16. Quebec Psychiatric Association discussion paper on “Access to Medical Assistance in Dying for People with Mental Disorders,” November 2020. Here are just a few examples of precautions suggested by the Association: “the assessment of decision-making capacity should be longitudinal and conducted throughout the required clinical meetings and not based on a single meeting. Assessment must go beyond cognitive criteria and take into account emotional reactions, interpersonal dynamics and values resulting from the disorder, which negatively affect the patient’s ability to weigh options and make judgments.” Furthermore, "If a person’s suffering is based on irrational, dysfunctional, or pathological beliefs or emotions, it may not be appropriate to proceed with MAID." They acknowledge the great difficulty if not impossibility of being certain about the long-term prognosis of psychiatric disorders, but they note “It would be tempting to say that no action should be taken without a 100% level of certainty. The truth is that uncertainty can exist even in cases of physical illness as well as physical and psychiatric comorbidity. MD-SUMC cases are no exception.” (For example, the prognosis and irremediable nature of chronic pain conditions may also be uncertain). They suggest (without expecting 100% certainty) that “The incurability of a mental disorder could therefore only be determined at the end of a long process, after attempting several treatments and assessing their effects.” A majority of psychiatrists surveyed for the paper said that the person should have been living with the condition for at least five years before making a MAiD request, and many said ten years. The Association also proposes a structure for prospective oversight of the assessment process.

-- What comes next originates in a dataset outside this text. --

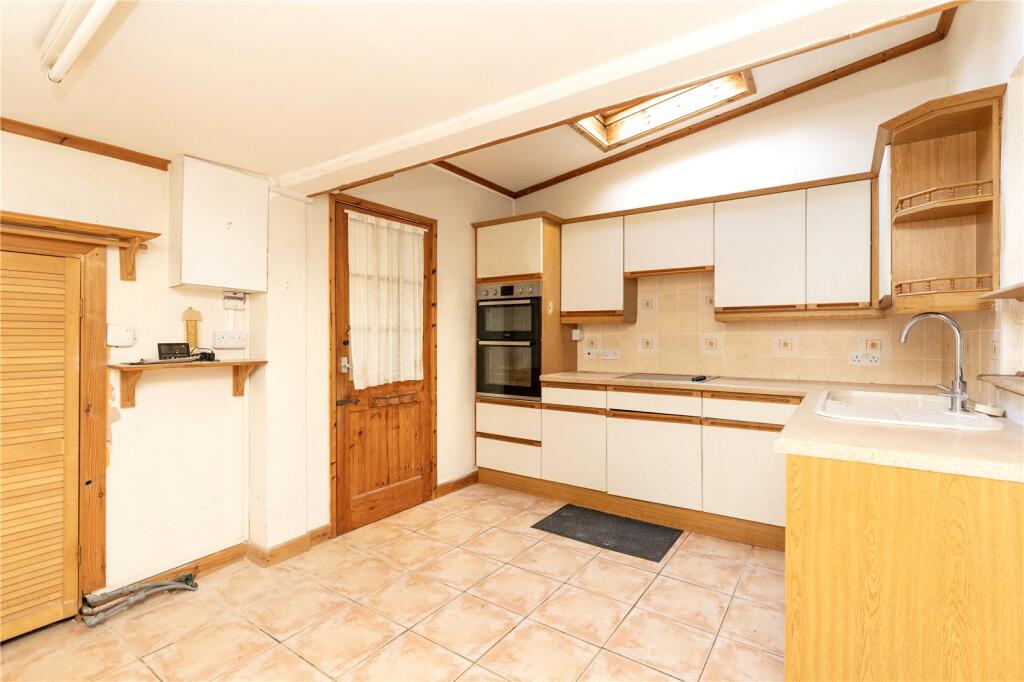 Tiled floor. Frosted glass through to lounge. Cupboard housing consumer unit. Fitted base and eye level units with electric hob, sink with drainer, 2 Velux windows, space for fridge freezer. Zanussi built-in oven and grill. Radiator, power points. 2 Door storage cupboard. Small area for dining table. 1/2 Single-glazed door to:

17. There may need to be exceptions to that rule in very occasional situations where the family is actually part of the patient’s problem in a destructive and obstructionist way.

18. In patients with cyclical / episodic disorders such as bipolar disorder, it is not unusual for treatment approaches to cycle between beneficence and autonomy. But wherever possible, patients have the right to autonomy and control over their own lives.

An increased emphasis on patient autonomy and choice will also serve to promote personal responsibility, which could be especially therapeutic for personality disordered individuals who undermine their own personal growth by repeatedly using threats of suicide to try to get others to assume responsibility for their own safety.

19. It is also worth noting that there are a great many life-and-death situations not involving mental disorders in which patients are allowed to make choices that doctors would consider profoundly irrational and indicative of extremely poor judgement—for example, refusing curative chemotherapy in favor of “natural” alternative therapies and spiritual “cures.” This of course is not the same as actively assisting the person to die, but it does illustrate that the right to autonomy is prioritized in many other life-and-death decisions even when the decision is clearly irrational and the patient is displaying extremely poor judgement. In cases of MAiD for MD-SUMC, a much higher bar will certainly be set in trying to ensure that the decision to request MAiD is rational and reasonable.

20. Verhofstadt, M., Thienpont, L., & Peters, G. (2017).